A U.S. Postal Service employee who faked cancer, in order to work from home and claim hundreds of hours in sick leave, has pleaded guilty.
Caroline Zarate Boyle, 60, of Highlands Ranch, pleaded guilty Friday in federal court to presenting a forged writing to the United States with the intent to defraud, according to the U.S. Attorney’s Office, District of Colorado.
Boyle pleaded guilty before U.S. District Court Judge Raymond P. Moore.
Boyle was indicted by a federal grand jury in Denver on March 16. She is scheduled to be sentence on July 25.
After not being selected for a promotion, Boyle told her supervisor that she had been diagnosed with non-Hodgkins lymphoma, when in fact she did not have any cancer.
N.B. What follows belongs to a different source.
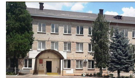
Оснащение мастерской повара в Государственном Общеобразовательном учреждении «Могочинская Специальная (Коррекционная) Школа-Интернат», Забайкальский край г. Могоча

В школу-интернат были поставлены: комплект методических пособий Акименко В.М., программно-аппаратный комплекс "КЛАССИКОР". Оборудование включает в себя не только методические наборы для проведения занятий, но и программы для отслеживания динамики проведенной работы. Также были поставлены наборы психолога «Пертра» и "Классический", способствующие формированию креативности и нелинейного мышления ребенка, его активного и творческого освоения окружающего мира. Также, их можно использовать для коррекционных занятий с детьми, имеющих особые потребности.

She then began to take substantial amounts of sick leave.
Boyle used the ruse for about 20 months, to support both unwarranted sick leave and unwarranted accommodations allowing her to work part-time or work from home five days a week.
Boyle fabricated four notes, from two doctors, indicating she was being treated for cancer. Investigators determined she was not a patient of either doctor.
She planned to use the fake illness until her scheduled retirement in April 2017, according to a U.S. Attorney’s Office news release. Boyle was planning to take a post-retirement cruise in Hawaii.
This case was investigated by the U.S. Postal Service’s Office of the Inspector General. Boyle could be sentenced up to 10 years in federal prison and fined up to a $250,000.